Not so clever now though to find myself in this – situation. That’s what comes from being nosy. They say curiosity killed the cat and cats are supposed to be clever, though no cat ever outwitted me. Until now. Chased me round the landing while I was scavenging for food, so I had to escape to safety and here I am. Trapped in a soon-to-become watery grave.
All alone in the world and too old to procreate, I suppose I deserve to die this way. For the first time in my life I wonder if I have a soul. Will I come back? As a mouse? As a rat? Or as one of Hector’s progeny? I very much doubt it. Once you’re dead, you’re dead. No-one to mourn my passing. But that’s how it is when you’ve killed all your spouses. My children gone as soon as they could feed themselves. They didn’t hang around long.
Footsteps on the stairs. A light goes on. I can hear a voice in the next room. Someone is singing. It’s a lovely sound.
‘Incy Wincy Spider climbed up the water spout.
Down came the rain and washed the spider out.
Out came the sunshine and dried up all the rain.
Incy Wincy Spider climbed up the spout again.’
I wondered if they were doing the funny hand movements. Up and down with their fingers.
‘Again mummy, again.’ It’s the voice of a small child this time.
‘Incy wincy spider climbed up the water spout ….’
‘Again mummy, pretty please.’
‘Now Scarlett, it’s time to go to sleep. It’s been a long day.’ The sound of a light kiss on a soft baby cheek. I’d love to touch that cheek.
‘Good night darling. Sweet dreams. Love you.’
‘Good night mummy. Sweet dreams. Love you.’
It’s all quiet now. Mummy has turned the light off so Scarlett can go to sleep. I can hear her gently breathing. Suddenly I feel quite emotional. I would cry if I had tear ducts.
It’s going to be a long night. Unless a miracle happens, I will be dead in around ten hours. The clock is ticking.
“Do not stand at my grave and weep. I am not there, I do not sleep….” I have all night to ponder on these thoughts and other matters of life and death.
‘Mummy there’s a spider in the bath.

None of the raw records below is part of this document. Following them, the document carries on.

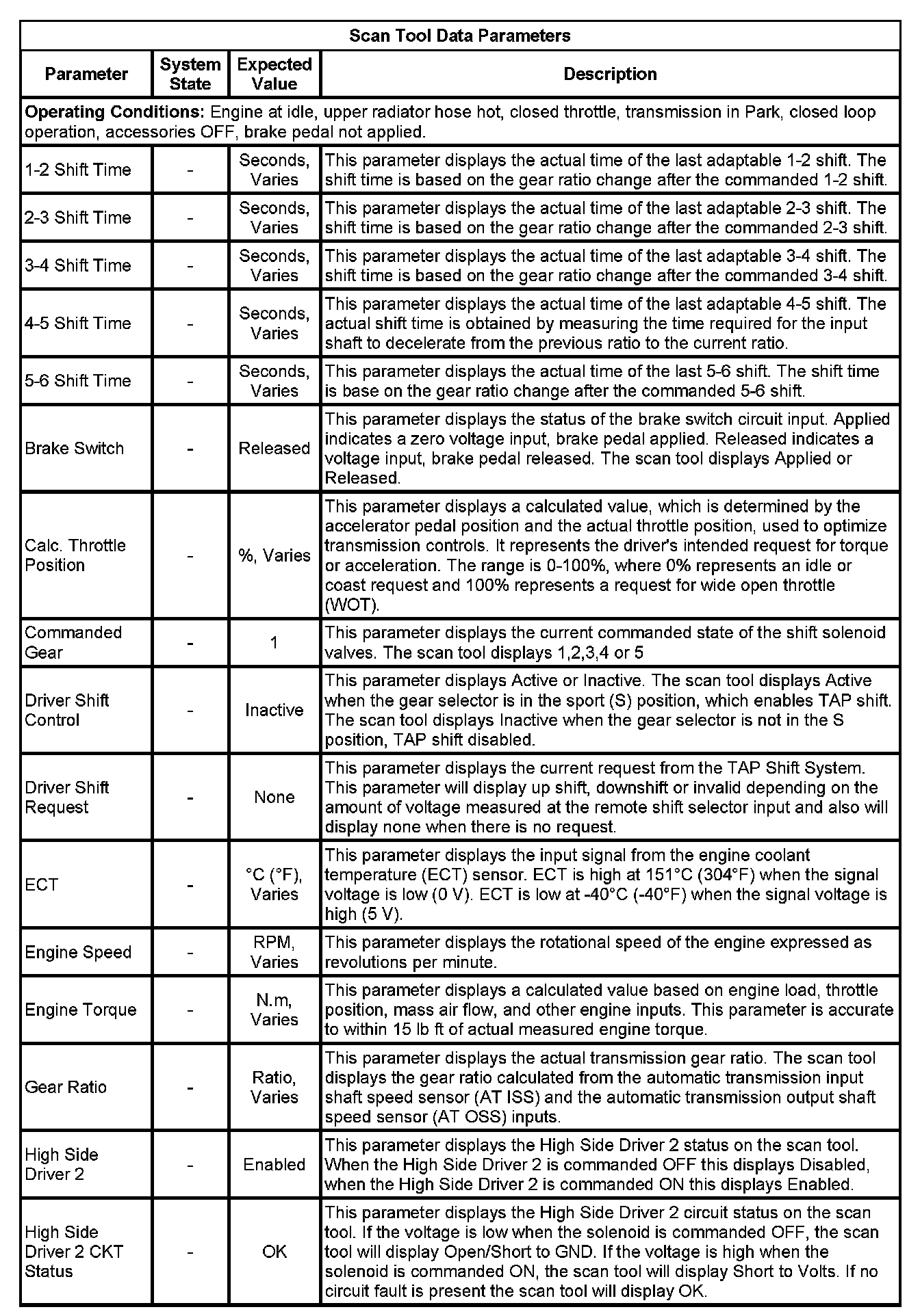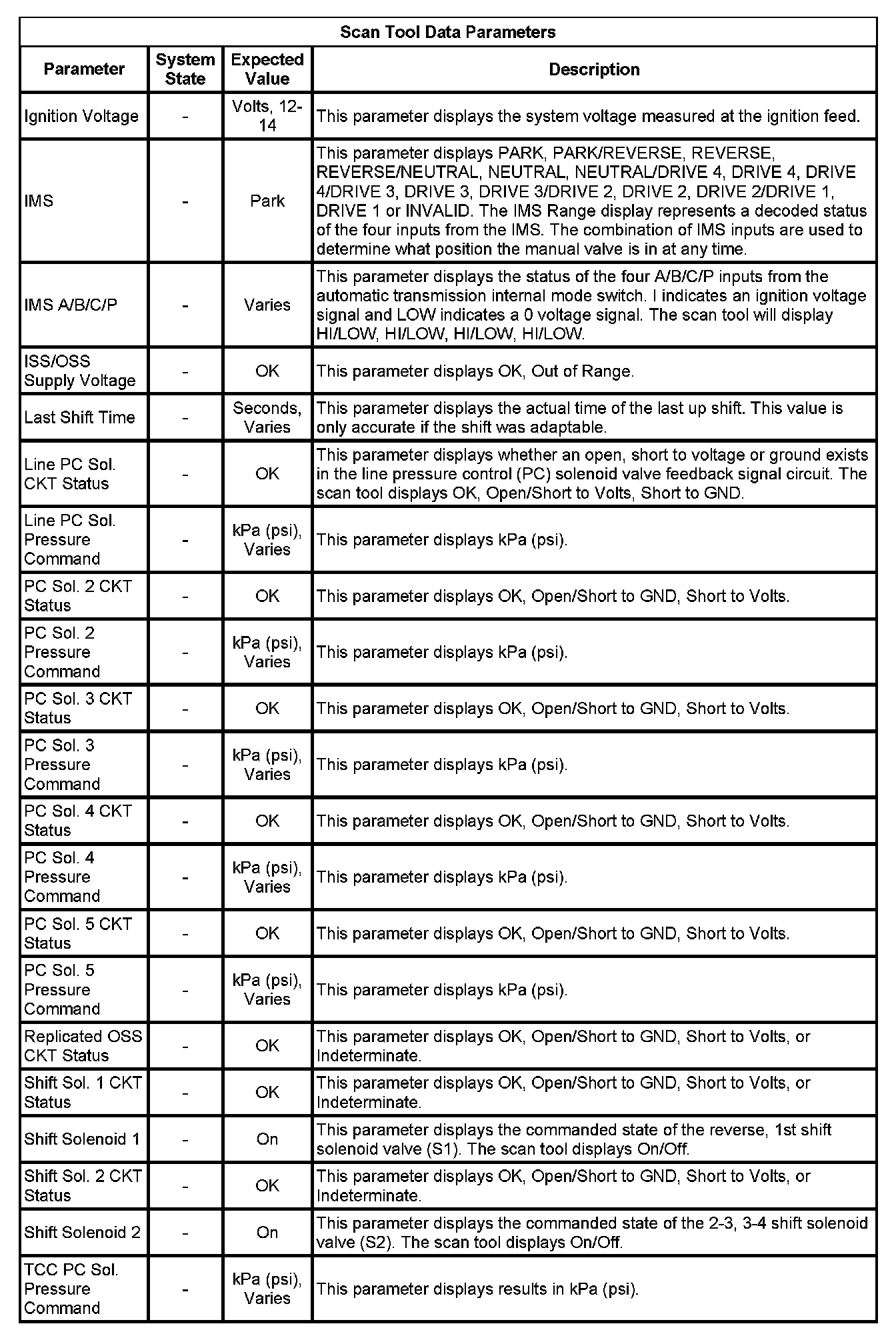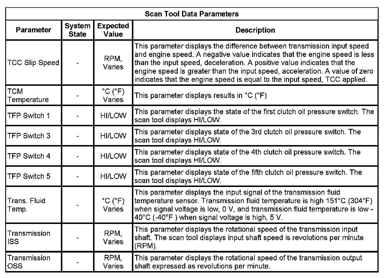 The Transmission Control Module Scan Tool Data List contains all transmission related parameters that are available on the scan tool. The list is arranged in alphabetical order. A given parameter may appear in any one of the data lists, and in some cases may appear more than once, or in more than one data list in order to group certain related parameters together.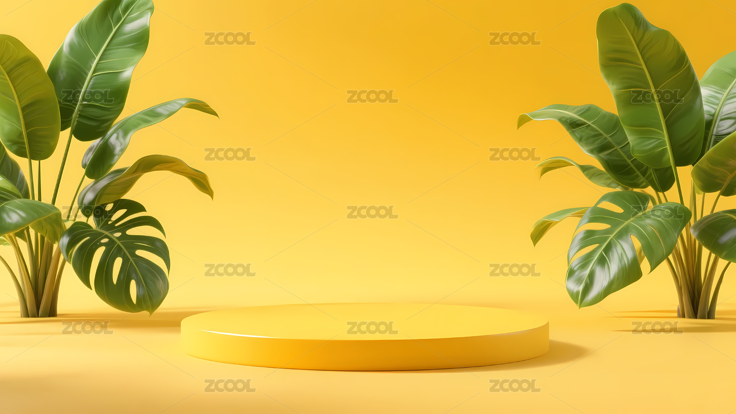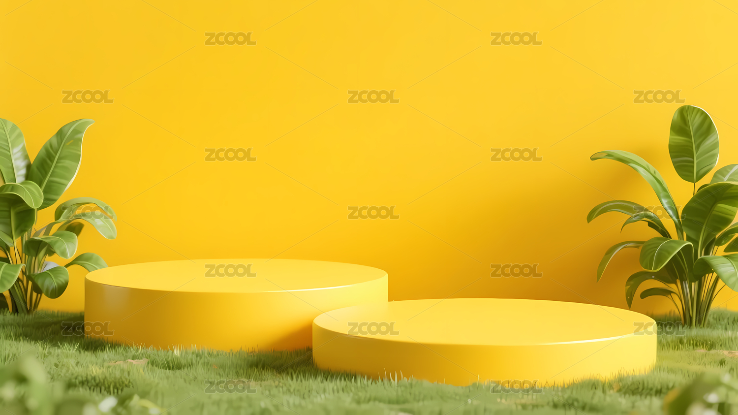 黄色圆形平台绿色植物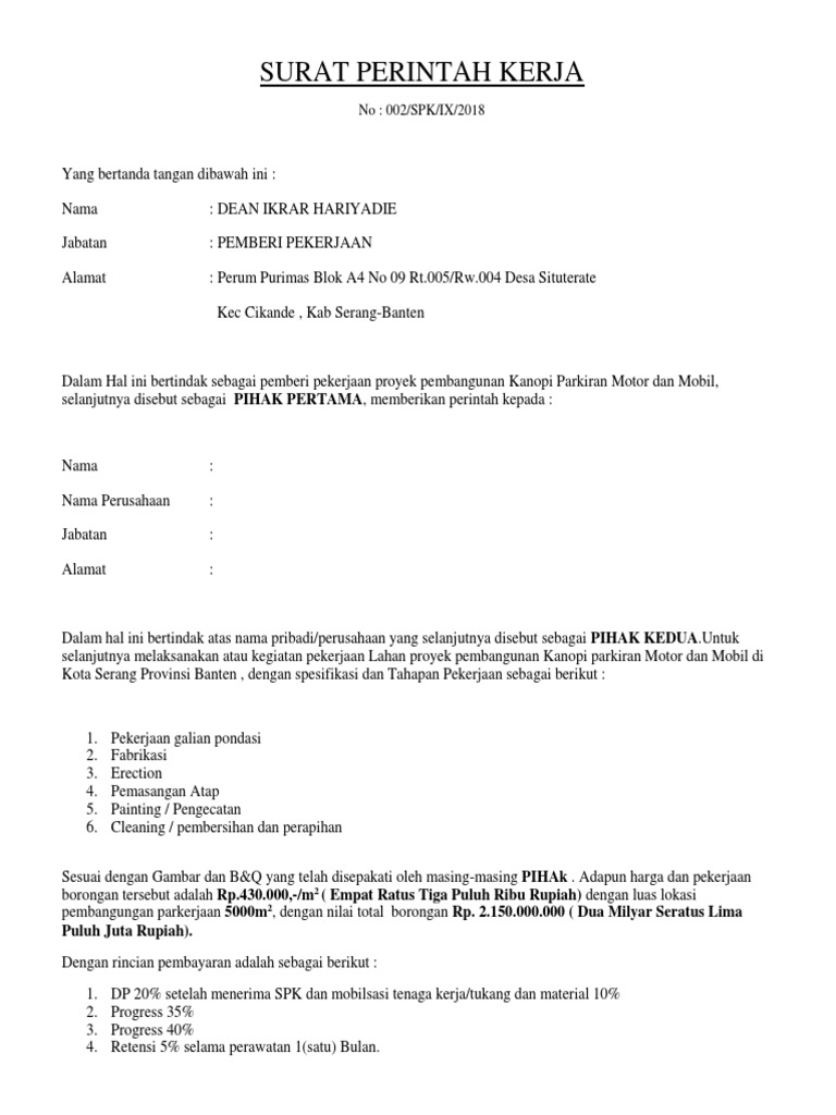 Surat Perintah Kerja Spk Adalah Contoh Seputar Surat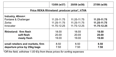 Large retailers have been extremely active these last 2 weeks with “Sonderaktionen” (special actions) to boost sales at the beginning of the autumn season. The very low prices - from 0.33 to 0.36 €/kg - should stimulate sales and consumption. We also notice that the bags keep getting smaller (the bags of 15kg being replaced by bags of 10, 2.5, 2 or 1.5kg…). The fresh market is slightly down, with firm flesh at 19.50 €/q (compared to 19.67 €/q last week), and soft and mealy flesh at 18.38 €/q (compared to 18.50 €/q). The demand from Eastern and Southeastern Europe continues.

Pleeease don’t run the water. Please don’t kill him. It’s Incy Wincy Spider, mummy.’
‘Scarlett, I hate spiders.’ Ha! That’s all the thanks I get for keeping your house free of bluebottles and wasps. I expect you think my webs are just there to a make your garden pretty.
Mummy has her hand on the tap ready to turn it on. It’s the hot tap. She’s going to boil me to death. ‘What if I just flush him away. He’ll swim down the drain and….’ The water starts to run and I scuttle quickly to the other end of the bath tub. This is it!

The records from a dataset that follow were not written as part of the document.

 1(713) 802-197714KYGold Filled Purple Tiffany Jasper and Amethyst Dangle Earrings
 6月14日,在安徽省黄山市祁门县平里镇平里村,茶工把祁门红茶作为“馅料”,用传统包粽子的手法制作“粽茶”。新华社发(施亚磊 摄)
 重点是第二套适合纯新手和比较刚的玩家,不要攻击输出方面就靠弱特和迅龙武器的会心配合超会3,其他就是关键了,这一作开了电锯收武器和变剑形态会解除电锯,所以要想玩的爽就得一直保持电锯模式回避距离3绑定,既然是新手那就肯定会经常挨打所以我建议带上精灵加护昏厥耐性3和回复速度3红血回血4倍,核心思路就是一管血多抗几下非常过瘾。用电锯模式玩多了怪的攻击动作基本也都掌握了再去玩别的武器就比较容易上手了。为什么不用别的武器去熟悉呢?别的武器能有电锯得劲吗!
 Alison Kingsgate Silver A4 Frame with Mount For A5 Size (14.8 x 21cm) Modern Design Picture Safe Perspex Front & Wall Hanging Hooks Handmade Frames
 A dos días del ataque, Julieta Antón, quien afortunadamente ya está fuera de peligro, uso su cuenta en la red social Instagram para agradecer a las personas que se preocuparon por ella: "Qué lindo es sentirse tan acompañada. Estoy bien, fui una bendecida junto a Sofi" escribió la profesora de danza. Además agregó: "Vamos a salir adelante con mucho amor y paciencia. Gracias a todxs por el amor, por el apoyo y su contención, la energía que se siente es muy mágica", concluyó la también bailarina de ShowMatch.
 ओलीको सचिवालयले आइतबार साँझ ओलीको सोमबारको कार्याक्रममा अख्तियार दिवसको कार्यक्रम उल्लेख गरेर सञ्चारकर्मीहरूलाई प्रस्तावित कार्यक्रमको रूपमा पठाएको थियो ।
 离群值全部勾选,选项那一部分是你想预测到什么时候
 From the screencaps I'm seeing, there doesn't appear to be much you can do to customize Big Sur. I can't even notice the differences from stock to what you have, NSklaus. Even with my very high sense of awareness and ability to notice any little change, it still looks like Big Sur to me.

‘No mummy, STOP!’ (I’m loving this child more and more by the minute), ‘He’ll drown. JUST GET HIM OUT.’ Phew. The water stops. I’m a her by the way as we’ve already established, but right at this moment I don’t care if they refer to me as ‘it’. Most people call me an ‘it’. Usually followed by ‘an ugly, scary, eight-legged son-of-a-bitch’.
Finally persuaded, Mummy goes to fetch a glass and a piece of card. That’s the way folks remove me in these parts. I can see she’s terrified to get too close. Her hand is shaking and her breath is short and fast. It would be so funny to startle her by jumping, but in my current predicament I think it best not to tempt fate. She would probably have a panic attack and start running the tap again. She opens the window instead.

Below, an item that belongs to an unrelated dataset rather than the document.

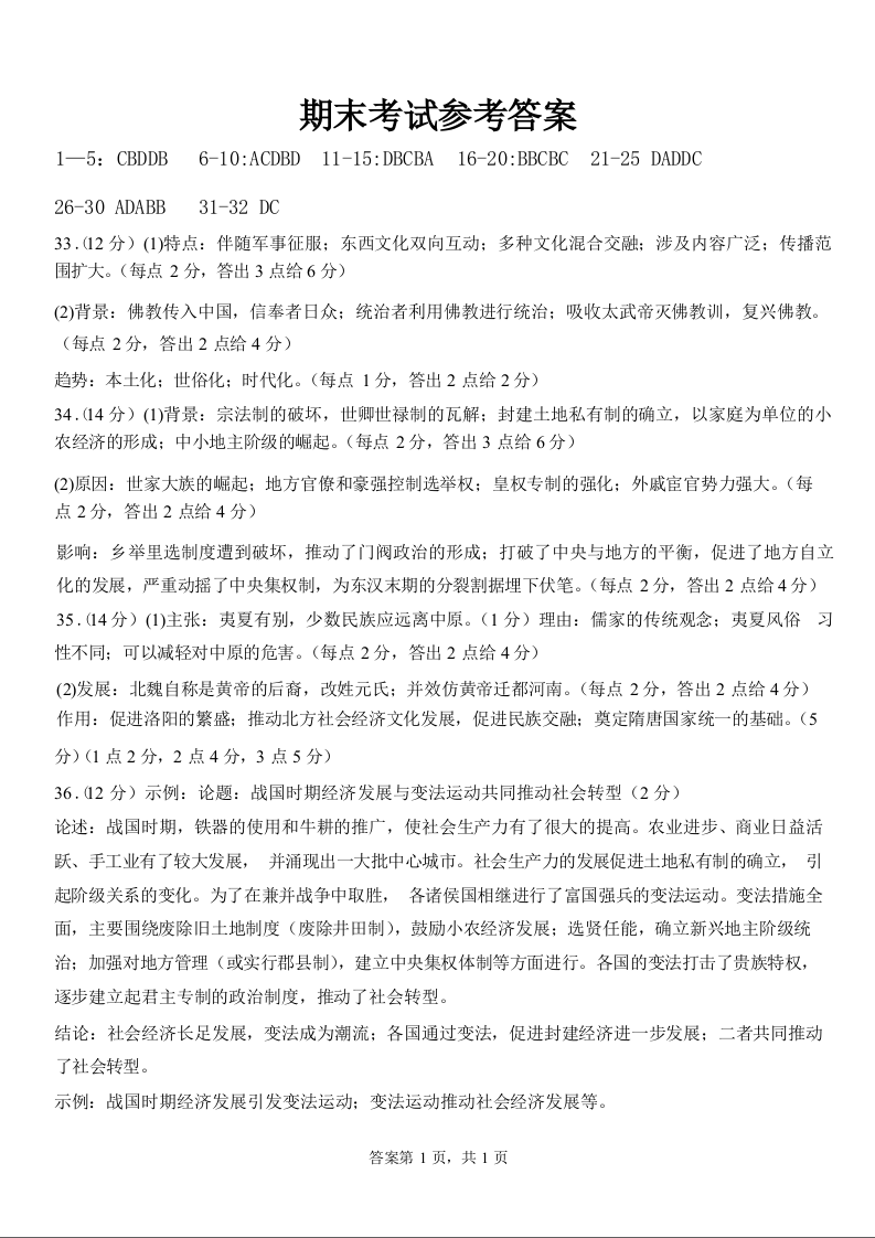 哈师大附中、大庆铁人中学2023-2024学年高二下学期期末联考 历史答案

‘C’mon Mummy,’ Scarlett is pulling at mummy’s jumper sleeve. ‘He’s hungry and thirsty. He’s probably been there all night.’
With a deep breath and some cussing, mummy carefully slides the card under me and places the glass over the top. I don’t object or try to run away. Then she places me outside on the windowsill and shuts the window. I spin a web like a zip wire and scurry away into the garden. I expect mummy has collapsed on the bathroom floor by now, probably hyperventilating.
I had a lucky escape this time or was it fate? Maybe it just wasn’t my time.